> [Exercise prompt]: The answer must be the full listing, word for word, with no pictures in it.

> [Data segment]:
+ + +

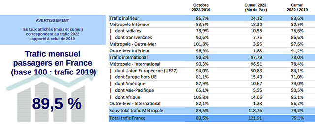 Le trafic international atteint 90,2% de celui d’octobre 2019, soit une valeur « supérieure de 4 à 5 points à celles enregistrées les trois derniers mois ». L’Afrique en particulier affiche 106,8% du niveau du même mois en 2019. En cumul annuel, son taux résiduel se chiffre globalement à 78,0%, dont « pour la première fois un taux vers l’Asie supérieur à 50%, avec toutefois d’importants contrastes selon les destinations ».
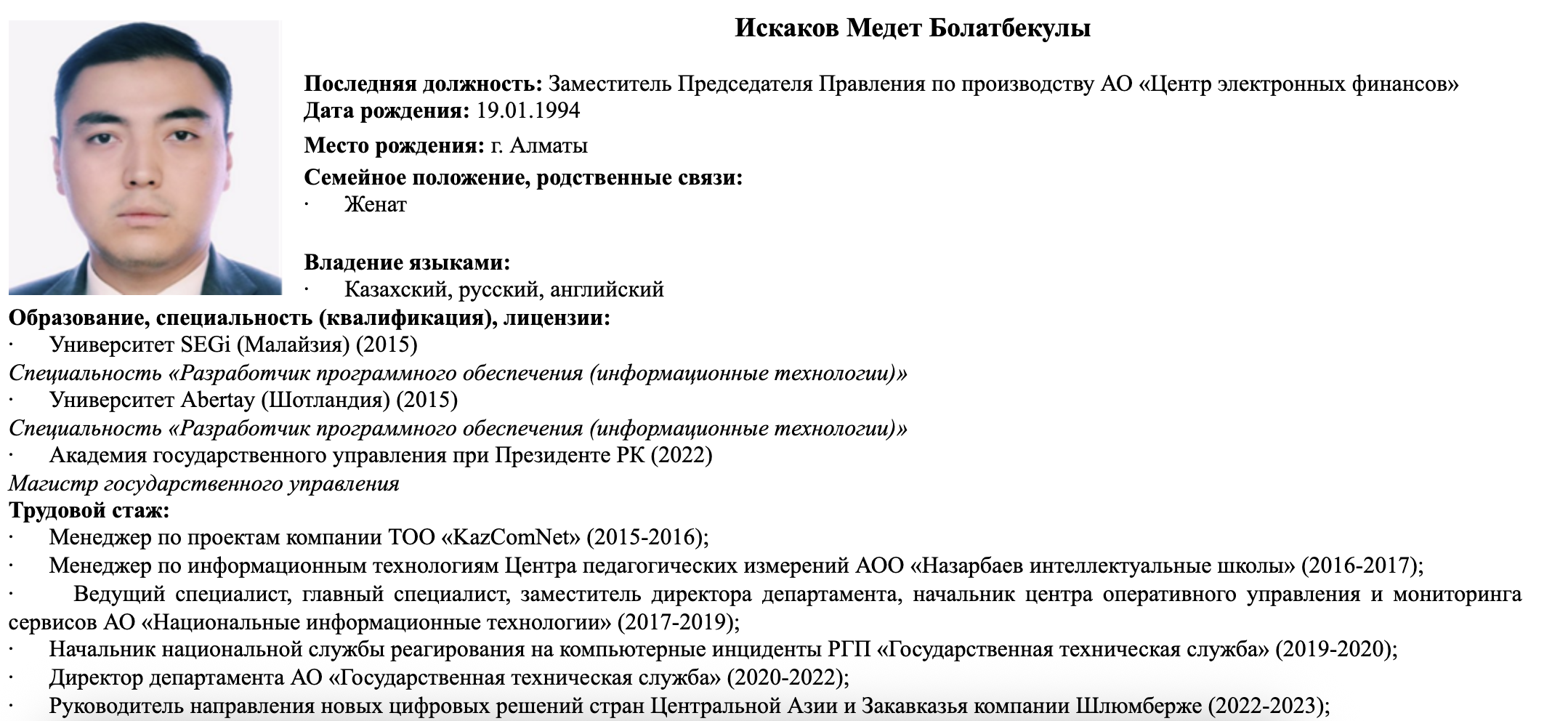 Co-founder Medet Iskakov is an IT professional. According to online.zakon.kz, he previously served as Deputy Chair for Production at the E-finance Center JSC — a state-owned structure fully controlled by the Ministry of Finance, established by the same Committee for State Property and Privatization that owns the UAS.
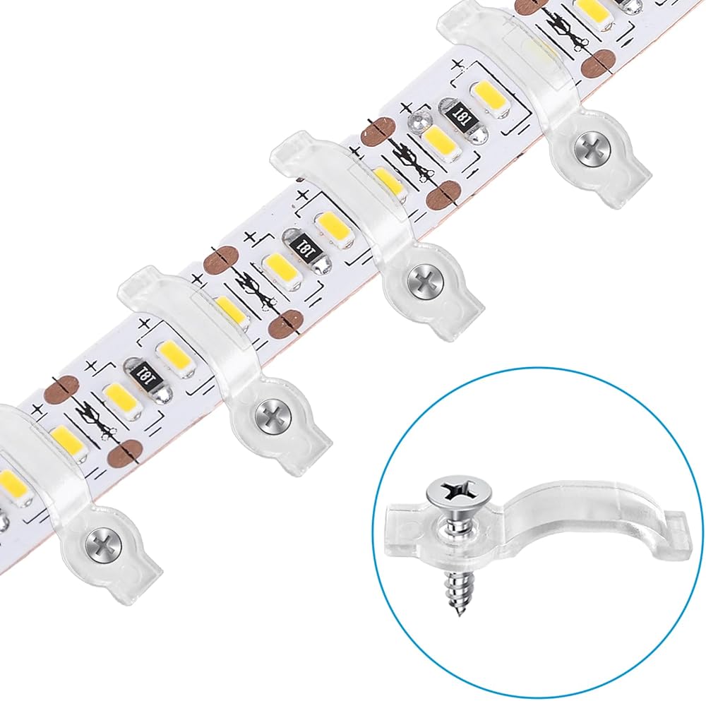 【What You'll Get】 This kit includes 100 pcs high-quality strip light clips and 100 pcs screws. This value-packed transparent fixing clips meets all your needs for large-scale or DIY light strip installations on cabinets, bookshelves, wardrobes, or outdoor eaves

+ + +

> [Task answer]:
 Le trafic international atteint 90,2% de celui d’octobre 2019, soit une valeur « supérieure de 4 à 5 points à celles enregistrées les trois derniers mois ». L’Afrique en particulier affiche 106,8% du niveau du même mois en 2019. En cumul annuel, son taux résiduel se chiffre globalement à 78,0%, dont « pour la première fois un taux vers l’Asie supérieur à 50%, avec toutefois d’importants contrastes selon les destinations ».
 Co-founder Medet Iskakov is an IT professional. According to online.zakon.kz, he previously served as Deputy Chair for Production at the E-finance Center JSC — a state-owned structure fully controlled by the Ministry of Finance, established by the same Committee for State Property and Privatization that owns the UAS.
 【What You'll Get】 This kit includes 100 pcs high-quality strip light clips and 100 pcs screws. This value-packed transparent fixing clips meets all your needs for large-scale or DIY light strip installations on cabinets, bookshelves, wardrobes, or outdoor eaves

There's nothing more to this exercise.